(Cilâ-ül-kulûb)da diyor ki: (Kul hakları, ödenecek borçlar, emânet, gasb, sirkat, ücret ve bey’ sebebi ile verecekler ve döğmek, yaralamak, haksız olarak kullanmak gibi beden hakları ve söğmek, alay, gıybet, iftira gibi kalb haklarıdır).

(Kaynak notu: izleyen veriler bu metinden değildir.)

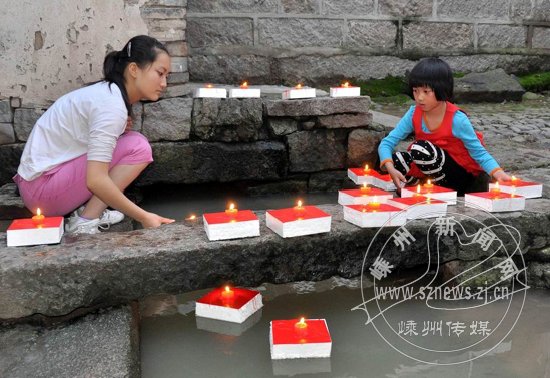 金庭镇华堂村有放河灯祈福和悼念先人的习俗,昨日,该村两个小女孩以放河灯的方式哀悼青海省玉树地震遇难同胞,并为灾区人民祈福。

Vasıyyet eden meyyitin malının üçde biri iskât yapmağa kifâyet ediyorsa, velînin bu mal ile fidye vermesi lâzımdır. Kifâyet etmiyorsa, üçde birinden fazlasını vârisin teberru’ etmesi câiz olduğu (Feth-ul-kadîr)de yazılıdır. Bunun gibi, farz olan haccının yapılması için vasıyyet etse, vârisi veyâ başka biri, hac parasını hediyye verse, câiz olmaz. Ölmeden vasıyyet etmeyip, vârisi kendi parası ile iskât yapsa veyâ hacca gitse, meyyitin borcu ödenmiş olur. Vârisden başkasının parası ile bunlar câiz olmaz diyenler varsa da, (Dürr-ül-muhtar) ve (Merâkıl-felâh) ve (Cilâ-ül-kulûb) kitâblarının sâhibleri olur, dediler.
Keffâret iskâtı, buğday yerine un veyâ bir sâ’ arpa, hurma, üzüm ile de hesâb edilerek, bunlar da verilebilir. [Çünki, bunlar buğdaydan dahâ kıymetli oldukları için, fakîre dahâ fâidelidirler]. Hepsi yerine kıymetleri olan altın veyâ gümüş de verilebilir. [Kâğıd para ile iskât yapılmaz]. Secde-i tilâvet için fidye vermek lâzım değildir.
İskât ve Devr Nasıl Yapılır?
Fidye parası, mirâsın üçde birini aşarsa, vârisler izn vermedikçe, velî üçde birden fazlasını sarf edemez. (Kınye) kitâbında diyor ki, bütün ömrünün namâzları için malının üçde birinin verilmesini vasıyyet eden meyyitin, borcu da olsa, alacaklısı, vasıyyetin yapılmasına izn verse de, vasıyyetin yapılması câiz olmaz. Çünki, islâmiyyet, önce borcun ödenmesini emr etmekdedir. Borcu ödemek, alacaklının râzı olması ile sonraya bırakılamaz.
Bütün namâzların iskât edilmesi için vasıyyet eden kimsenin kaç yaşında öldüğü bilinmiyorsa, bırakdığı mîrâsın üçde biri, namâzlarının iskâtına yetişmediği zemân, bu vasıyyet câiz olur. Mîrâsın üçde biri, iskât için yetişir ve artarsa, bu vasıyyeti câiz olmaz, bâtıl olur. Çünki, malın üçde biri, iskâta yetişmediği zemân, üçde biri ile, iskât edilecek namâzların sayısı belli olduğundan, vasıyyeti bu namâzlar için sahîh olur. Geri kalan namâzları için olan vasıyyeti lağv, ya’nî boş lâf olur. Üçde biri, çok olduğu zemân, ömrü ve dolayısı ile namâz sayısı belli olmadığı için, vasıyyeti bâtıl olur.